Source material -
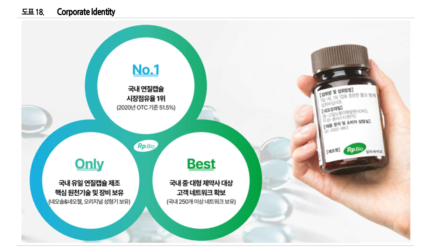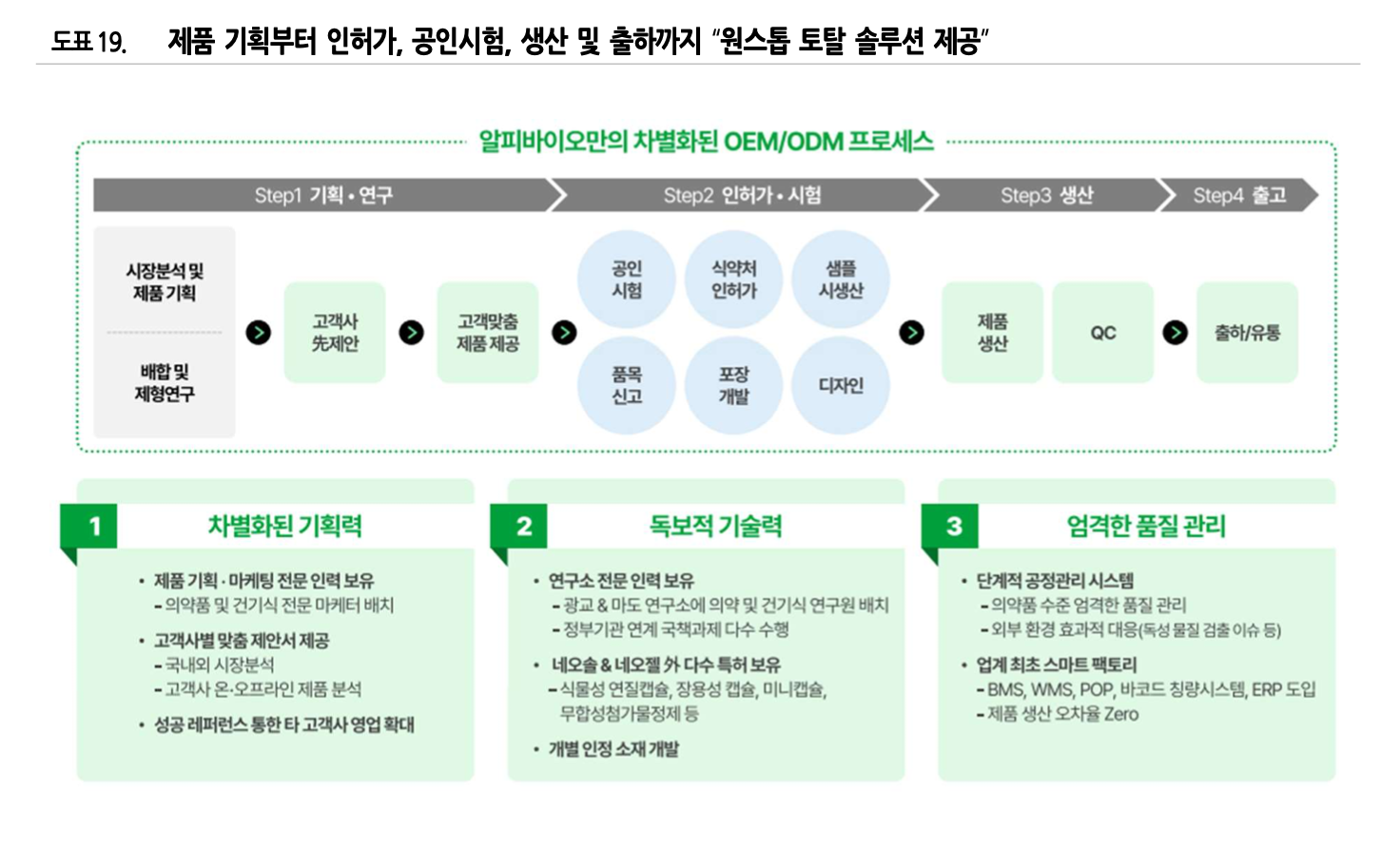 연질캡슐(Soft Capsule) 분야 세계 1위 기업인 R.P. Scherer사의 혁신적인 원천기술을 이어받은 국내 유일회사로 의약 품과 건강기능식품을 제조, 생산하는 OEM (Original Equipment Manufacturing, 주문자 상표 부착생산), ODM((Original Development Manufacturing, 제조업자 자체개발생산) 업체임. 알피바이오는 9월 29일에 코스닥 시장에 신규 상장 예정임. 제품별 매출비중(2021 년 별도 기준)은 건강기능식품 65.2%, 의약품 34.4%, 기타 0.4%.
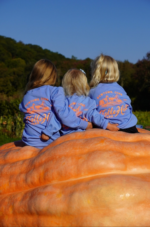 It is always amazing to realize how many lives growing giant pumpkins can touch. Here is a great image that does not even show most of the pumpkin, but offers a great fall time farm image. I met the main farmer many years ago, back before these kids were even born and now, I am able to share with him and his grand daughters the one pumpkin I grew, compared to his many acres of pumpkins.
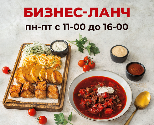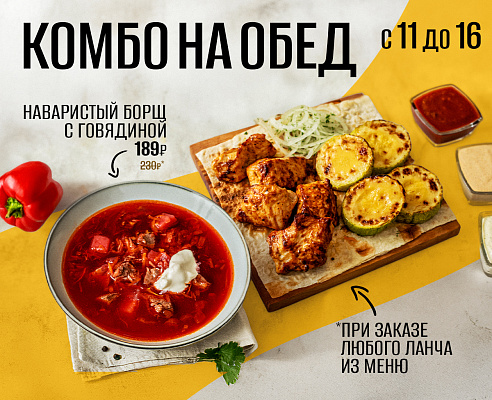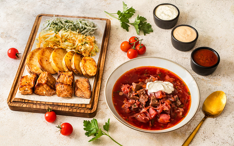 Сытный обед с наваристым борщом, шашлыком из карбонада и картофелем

Exercise aim - Please transcribe the listing above verbatim and exclude every picture.

Output below -
 연질캡슐(Soft Capsule) 분야 세계 1위 기업인 R.P. Scherer사의 혁신적인 원천기술을 이어받은 국내 유일회사로 의약 품과 건강기능식품을 제조, 생산하는 OEM (Original Equipment Manufacturing, 주문자 상표 부착생산), ODM((Original Development Manufacturing, 제조업자 자체개발생산) 업체임. 알피바이오는 9월 29일에 코스닥 시장에 신규 상장 예정임. 제품별 매출비중(2021 년 별도 기준)은 건강기능식품 65.2%, 의약품 34.4%, 기타 0.4%.
 It is always amazing to realize how many lives growing giant pumpkins can touch. Here is a great image that does not even show most of the pumpkin, but offers a great fall time farm image. I met the main farmer many years ago, back before these kids were even born and now, I am able to share with him and his grand daughters the one pumpkin I grew, compared to his many acres of pumpkins.
 Сытный обед с наваристым борщом, шашлыком из карбонада и картофелем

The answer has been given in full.